Given data:
──────────
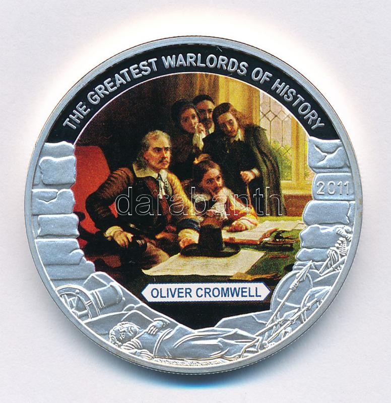 Libéria 2011. 5$ ezüstözött Cu "A történelem legnagyobb hadurai - Oliver Cromwell" részben multicolor festéssel T:PP Liberia 2011. 5 Dollars silver plated Cu "The Greatest Warlords of History - Oliver Cromwell" with partial multicolor picture C:PP
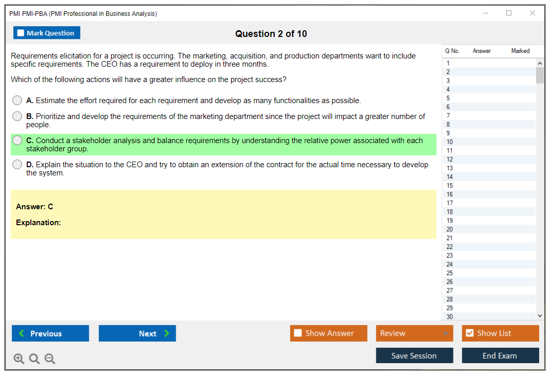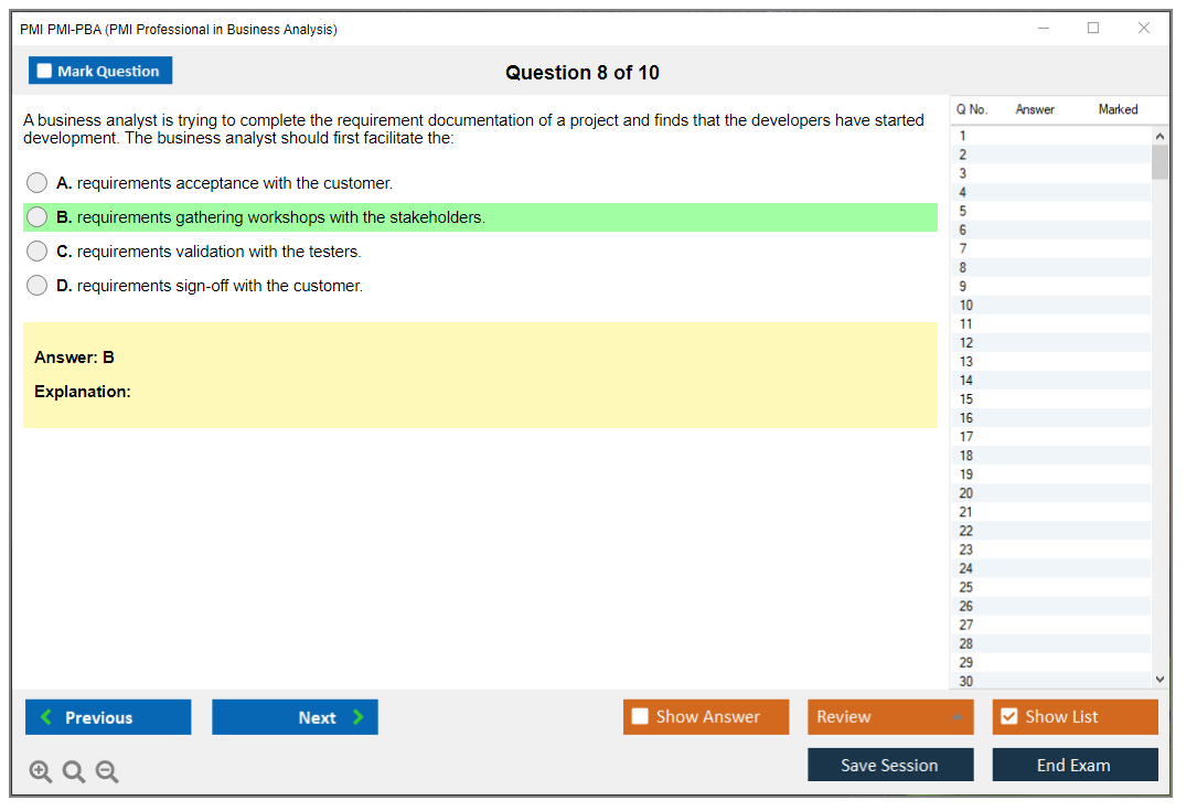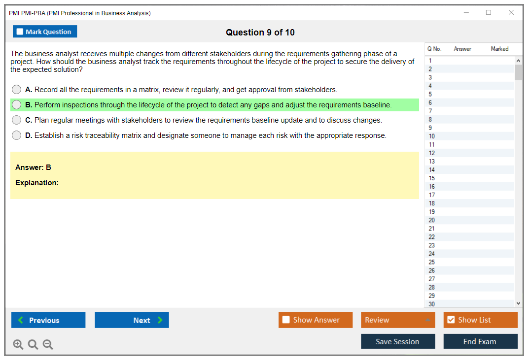 What are the Sample Questions of PMI PMI-PBA Exam?
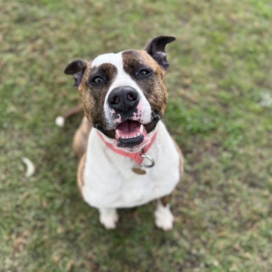 Betty is a sweet girl who likes spending time with her people. She's very enthusiastic about her love for a good ball (or ANY ball, really) and game of fetch, as well as her love for food which makes teaching her new tricks a breeze!
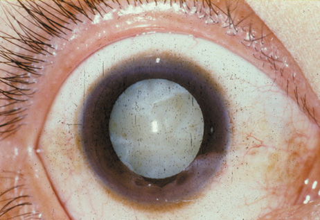 WILSON'S DISEASE Wilson's disease, which is characterized by increased serum copper levels and the deposition of copper in basement membranes throughout the body, causes a kind of lenticular opacity called sunflower cataract. This is characterized by a fine, powdery deposition of copper just underneath the lens capsule, which gives it a brilliant yellow, brown, or red sheen. The deposition is more concentrated in the pupillary area and is disc-like centrally. Extending from this disc-like area are radiating petal-like deposits (hence, the sunflower appearance). These cataracts do not interfere with vision and may resolve with systemic therapy for the increased copper levels.89 FABRY'S DISEASE Fabry's disease occurs secondary to an abnormality in lipid metabolism, and is characterized by feathery opacities radiating in the posterior subcapsular regions.90 These cataracts are mild and seldom cause significant visual symptoms HOMOCYSTINURIA In 90% of patients with homocystinuria, the zonules show abnormalities leading to a subluxation of the lens that is often in the inferonasal direction.91 Occasionally, congenital cataract is associated with this condition.92 Patients with homocystinuria have thrombotic tendencies and must be monitored carefully when they are under general anesthesia REFSUM'S DISEASE Refsum's disease, whic is a condition of abnormal lipid metabolism, is often associated with PSCs.93 Patients with this disease have an atypical pigmentary degeneration of the retina. |
──────────
Task instructions: The lines to write out are those from the first line of the listing above through the line bearing "Betty is a sweet", both included, copied exactly with pictures dropped.

Your solution:
 Libéria 2011. 5$ ezüstözött Cu "A történelem legnagyobb hadurai - Oliver Cromwell" részben multicolor festéssel T:PP Liberia 2011. 5 Dollars silver plated Cu "The Greatest Warlords of History - Oliver Cromwell" with partial multicolor picture C:PP
 What are the Sample Questions of PMI PMI-PBA Exam?
 Betty is a sweet girl who likes spending time with her people. She's very enthusiastic about her love for a good ball (or ANY ball, really) and game of fetch, as well as her love for food which makes teaching her new tricks a breeze!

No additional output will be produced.